Beefy Boxes and Bandwidth Generously Provided by pair Networks
Do you know where your variables are?
 
PerlMonks  

Perl Regex to Fix line feed issue

by mmittiga17 (Scribe)
on May 09, 2008 at 18:59 UTC ( [id://685743]=perlquestion: print w/replies, xml ) Need Help??

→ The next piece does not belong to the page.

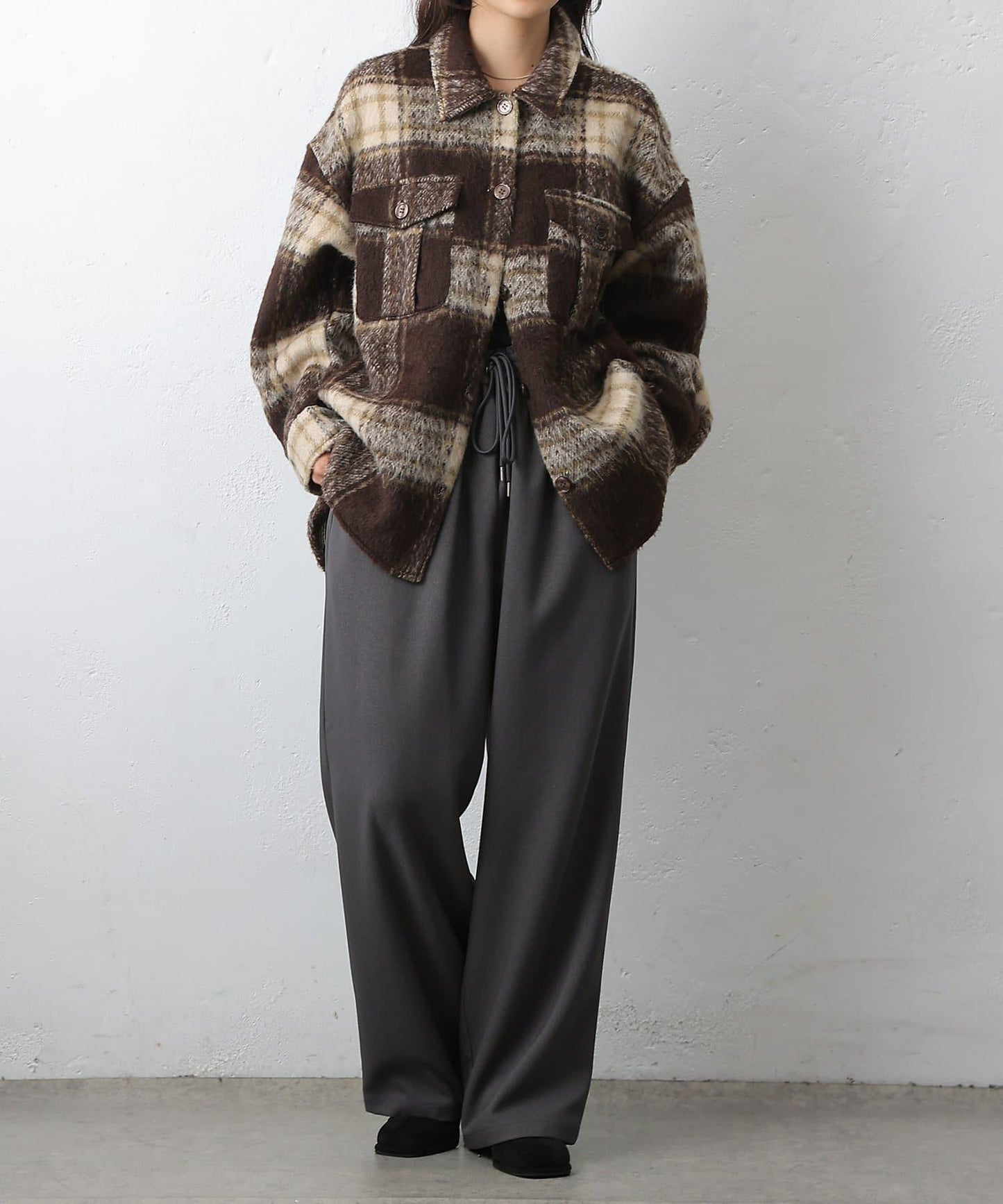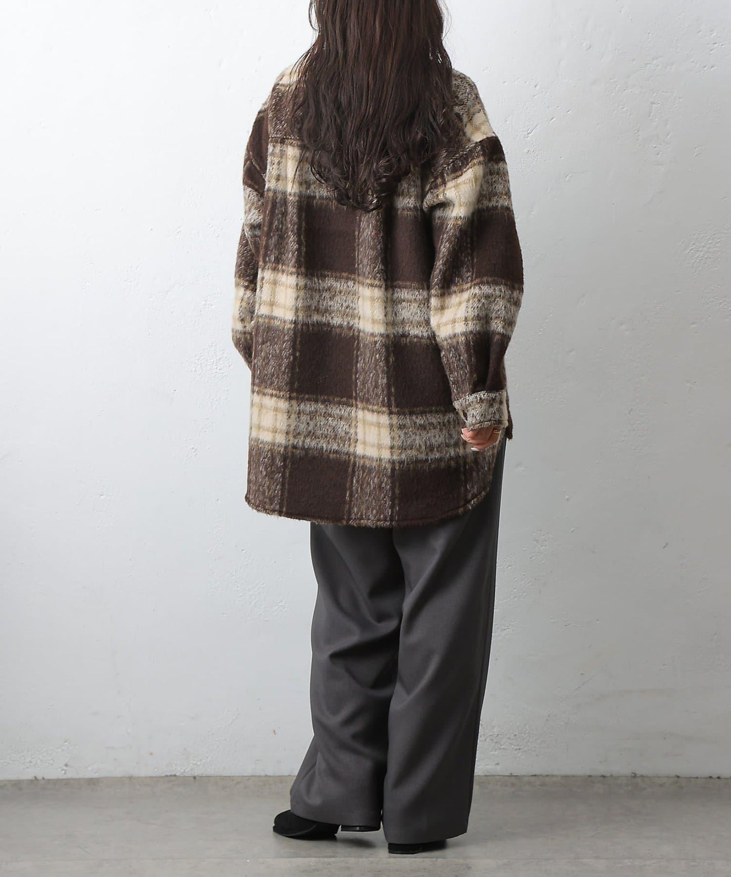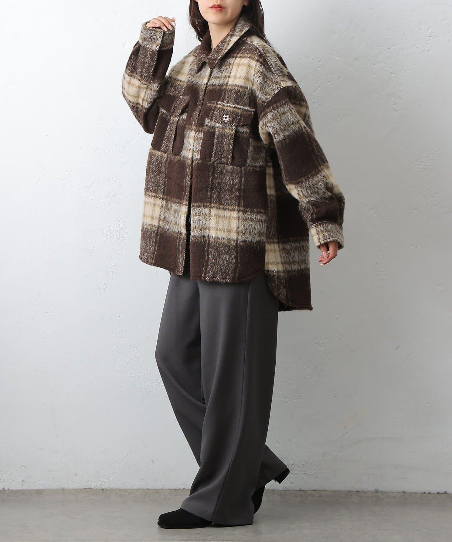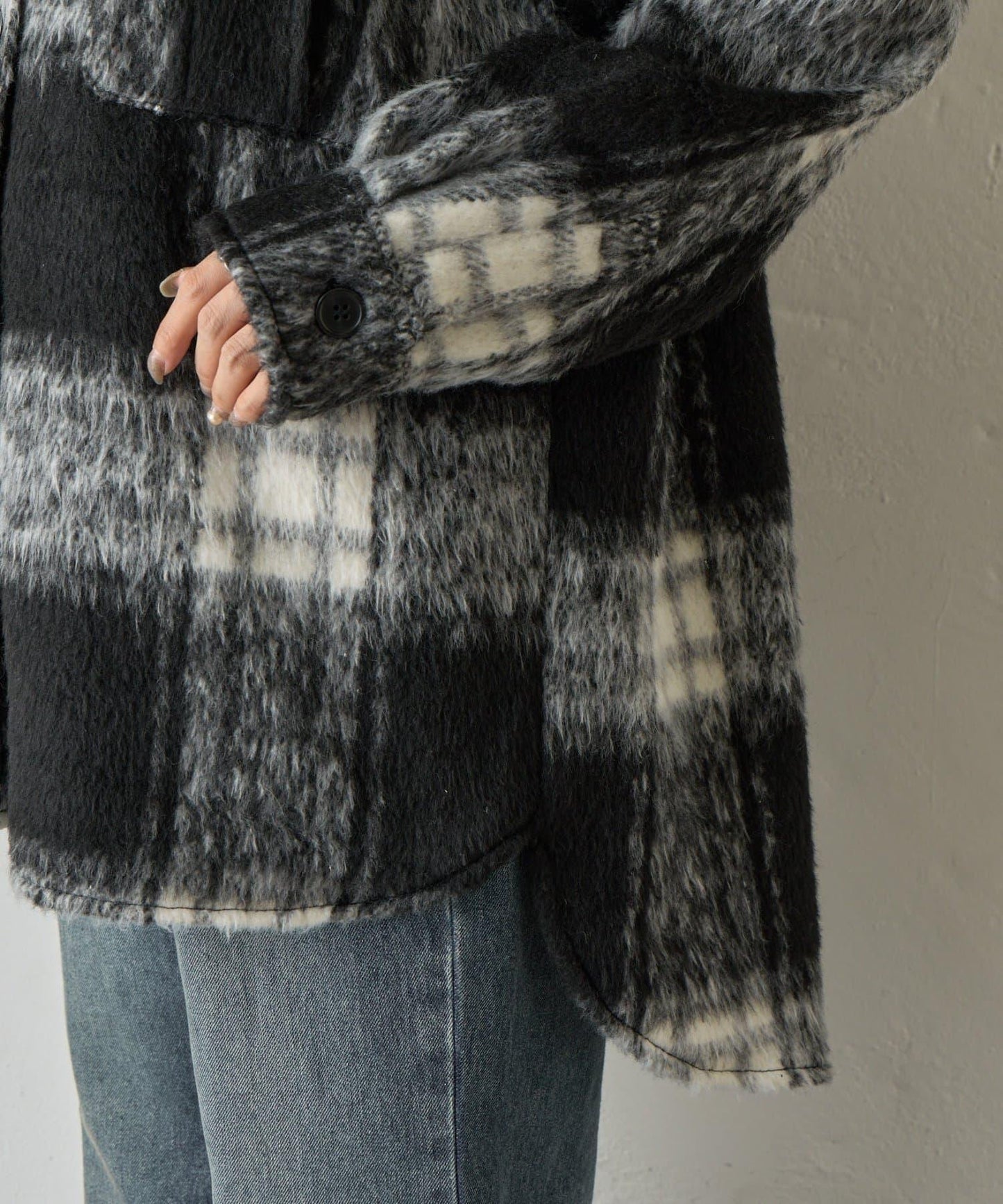 毛茸茸的格紋襯衫外衣,只需輕輕一穿,就能完成時尚造型。

mmittiga17 has asked for the wisdom of the Perl Monks concerning the following question:

Hi All I am trying to figure out away to fix a text file that comes in with DOS line feeds. For the most part the lines are ok. However there are a few lines that start with ^M and end in ^M. Ending in ^M is ok. some text line here^M ^Msome for text line here What I need is a way to say: when line ends in ^M and the next line begins with ^M join the two lines and add move the ^M the the end of the line. Any suggestions or idea will be greatly appreciated. Thanks MM

Replies are listed 'Best First'.
Re: Perl Regex to Fix line feed issue
by shmem (Chancellor) on May 09, 2008 at 20:51 UTC

    What kind of file is it, actually? Smells like a csv file with multiline fields, in which those lines are separated by ^M. In any case, that smells like an XY problem.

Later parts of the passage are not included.